Why could someone compulsively clean their house?

Obsessive-compulsive disorder

Obsessive Compulsive Disorder: Description

Obsessive compulsive disorder, OCD disease is a serious mental disorder that puts a lot of strain on those affected. Charles Darwin and Martin Luther are said to have suffered from obsessive-compulsive disorder. Obsessive-compulsive disorder encompasses a wide range of behavioral and other psychological characteristics. For example, the person concerned is persecuted by obsessive thoughts or is under pressure to have to carry out certain actions again and again in a ritualized form. This can be the compulsion to wash according to a certain scheme or to count things. Others have the compulsive idea of ​​committing an act of violence or sexually undesirable acts.

Compulsory washing

You can find more information on the signs and treatment of compulsory washing in the article Compulsory washing.
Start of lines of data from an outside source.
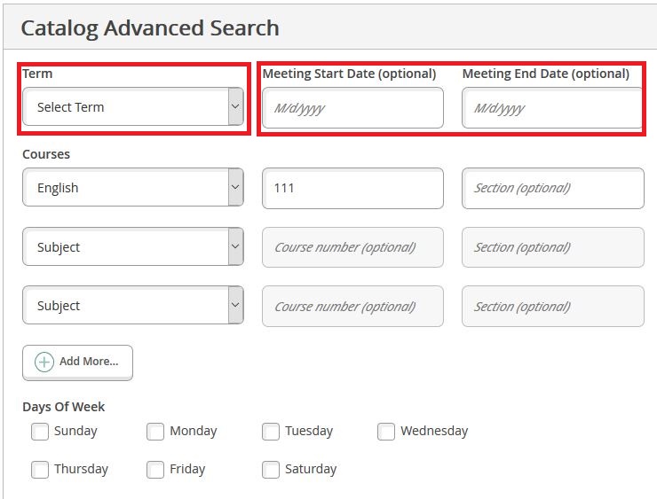 - Select either the "Term" from the drop-down menu or enter "Meeting Start" and "End Dates" for the course (this is useful to search for class availability after a term has started).
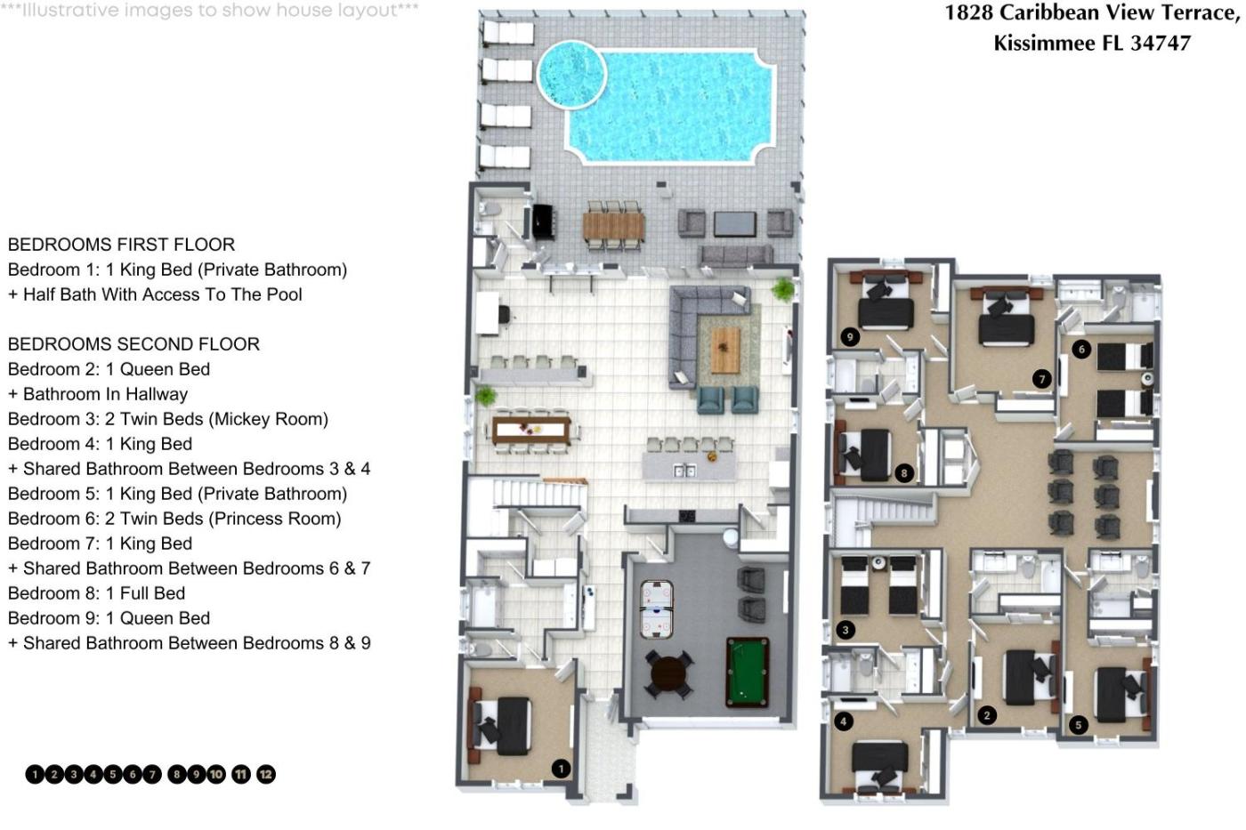Obiekt 9 Bedroom 65 Bathoom Solara Resort 1828 Cv położony jest w miejscowości Kissimmee i oferuje bezpłatne Wi-Fi oraz klimatyzację. Odległość ważnych miejsc od obiektu: Disneys Animal Kingdom – 15 km, Promenada Disneys Boardwalk – 17 km. Oferta domu wakacyjnego obejmuje prywatny basen.
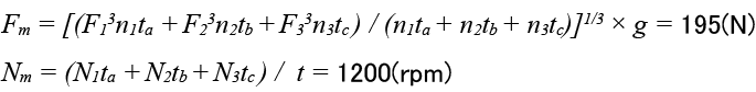 軸方向荷重がいろいろ変動する場合、その変動する荷重条件における疲れ寿命と等しい寿命となるよう平均荷重を求め、寿命を計算すること。
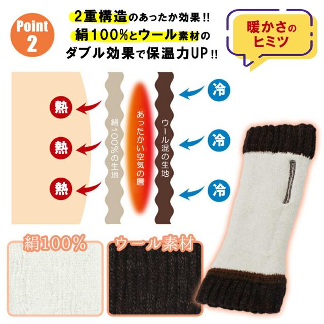 おしゃれ 暖かい カジュアル 保温 アウトドア スマホ対応 ウール シルク 指穴あり 温活 冷え
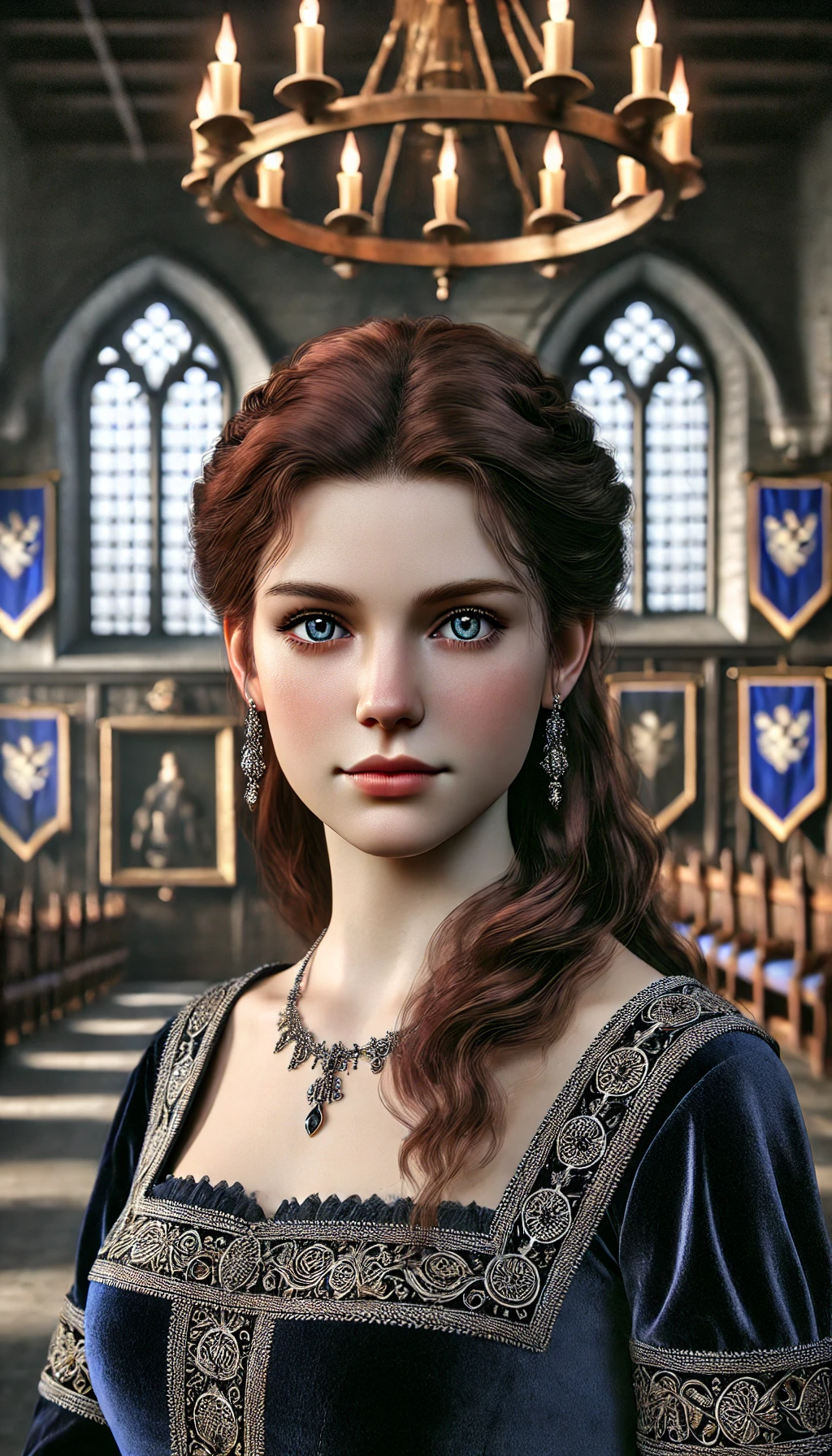 Description et apparence. Sylmara est une jeune femme de 22 ans, fine et élancée, mesurant un peu plus d’1,70 mètre. Ses cheveux d’un brun profond, parfois tirant vers l’acajou à la lumière, tombent en longues mèches soyeuses qu’elle tresse souvent en couronne. Ses yeux d’un gris-bleu limpide, presque identiques à ceux de son père, sont d’une clarté troublante : ils semblent sonder et analyser tout ce qu’ils observent. Son visage est délicat, mais marqué par une gravité qui dépasse son âge. Contrairement à son frère Kaelric Valendrin, Sylmara ne se pare pas de métal ou de cuir. Elle privilégie des robes sobres et élégantes en soie et velours, souvent de bleu nuit ou d’argent pâle, accompagnées de bijoux fins forgés par les artisans de Valusia. Cependant, lorsqu’elle voyage, elle porte un manteau sombre et pratique, adapté à ses déplacements discrets.
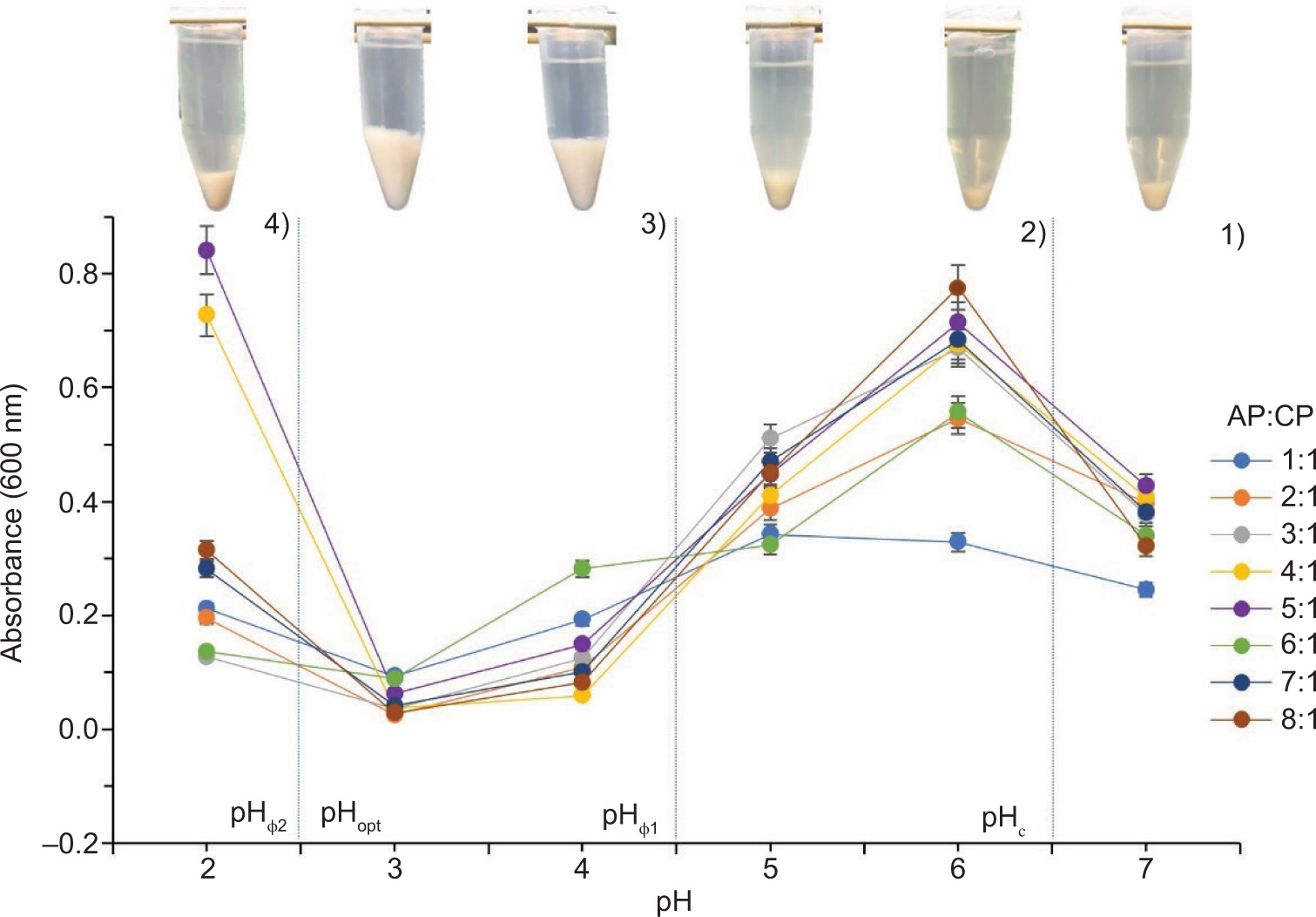 Figure 3. Change in the absorbance of supernatants from complex coacervates of amaranth protein (AP) and cacao pod husk pectin (CP) (1%, w/w) at different AP:CP ratios as a function of pH.
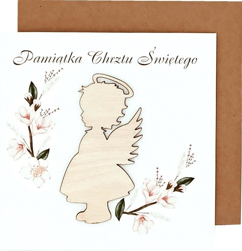 Kartka okolicznościowa z okazji Chrztu Świętego o treści: W podróży przez życie niech Cię zawsze Pan Bóg chroni i mocą Chrystusa przed pokusami obroni. Kochaj rodziców, by pociechę z Ciebie mieli, by radość w Tobie widzieli. Pamiętaj, że Bóg patrzy na Ciebie. W Dniu chrztu Świętego?
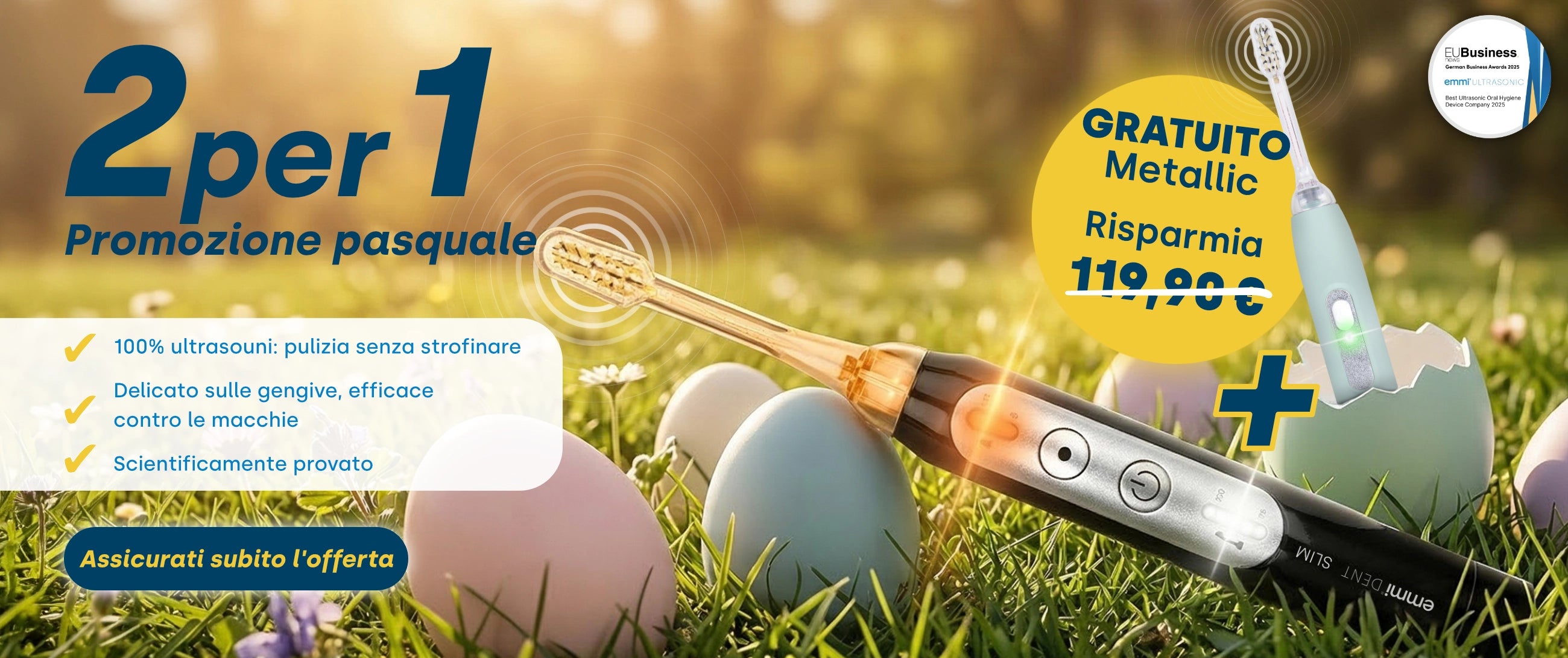 Gli spazzolini elettrici includono spazzolini rotanti, sonici e ultrasonici. Mentre gli spazzolini rotanti hanno in genere testine rotonde che ruotano alternativamente da sinistra a destra, gli spazzolini sonici sono dotati di testine vibranti allungate. Con 20.000-40.000 vibrazioni al minuto, raggiungono movimenti meccanici significativamente più elevati rispetto agli spazzolini rotanti. Gli spazzolini a ultrasuoni superano di gran lunga queste prestazioni e rappresentano una tecnologia completamente diversa. Mentre gli spazzolini rotanti e sonici rimuovono il biofilm utilizzando movimenti meccanici, emmi-dent funziona con un massimo di 96 milioni di vibrazioni ultrasoniche al minuto e non richiede movimenti meccanici per la pulizia. Pulizia dei denti senza movimento grazie alla tecnologia ultrasonica brevettata all'avanguardia.

Obsessive-compulsive disorder is an outdated term for obsessive-compulsive disorder. The obsessional neurosis definition indicates that people who are obsessive-compulsive - in contrast to people with a psychosis - do not lose touch with reality. They know that their obsessions and compulsions are irrational, but they still cannot turn you off.

The thoughts and actions are called compulsion because those affected try to fight them. The inner resistance to refraining from actions or thoughts costs a lot of strength and creates ever increasing tension and fear. Only when they give in to the compulsions and perform the particular ritual, or get external confirmation that their fears and worries are unfounded, does the pressure decrease. Similar to addicts, a kind of habituation effect occurs over time: the ritual usually becomes more and more complex and protracted until it brings the desired relaxation. The constraints therefore take up more and more time and energy.

A bit of coercion is normal

There is a bit of compulsiveness in everyone - superstitious ideas are just as much a part of it as harmless rituals. Some otherwise rational people feel a little uneasy when they are supposed to sign an important contract on Friday the 13th.

The transition from normal behavior to OCD is fluid. Some people may just feel compelled to double-check that the stove is switched off before going to sleep - even if they haven't cooked at all. Others, on the other hand, have to perform a washing ritual lasting several hours before they can leave the house. In principle, an obsessive-compulsive disorder is only considered to be given if the person concerned suffers from it himself or is massively restricted in his everyday life.

How many are affected?

People with obsessive-compulsive disorder are often ashamed of their irrational behavior. The number of unreported cases is therefore high. Experts estimate that about one to three percent of the population will experience OCD at some point in their lives. Men are more likely to have control compulsions, whereas women are more likely to suffer from washing or cleaning compulsions. In addition to obsessive-compulsive disorder, there are usually other mental disorders such as depression or anxiety disorders.

Compulsion to control

You can find out how compulsory control expresses itself and how it is treated in the article compulsory control.

Compulsions in children

Obsessive-compulsive disorder often begins in childhood or adolescence. Around half of those affected show the first symptoms of obsessive-compulsive disorder before the age of 15. Children and adolescents often try to keep these constraints a secret. Boys are more often affected than girls. The compulsions often manifest themselves massively in life crises or conflict situations. Obsessive-compulsive disorder in children, like adults, is treated with cognitive behavioral therapy. If the compulsions are strong, drugs, especially selective serotonin reuptake inhibitors (e.g. fluoxetine), can also be used in children.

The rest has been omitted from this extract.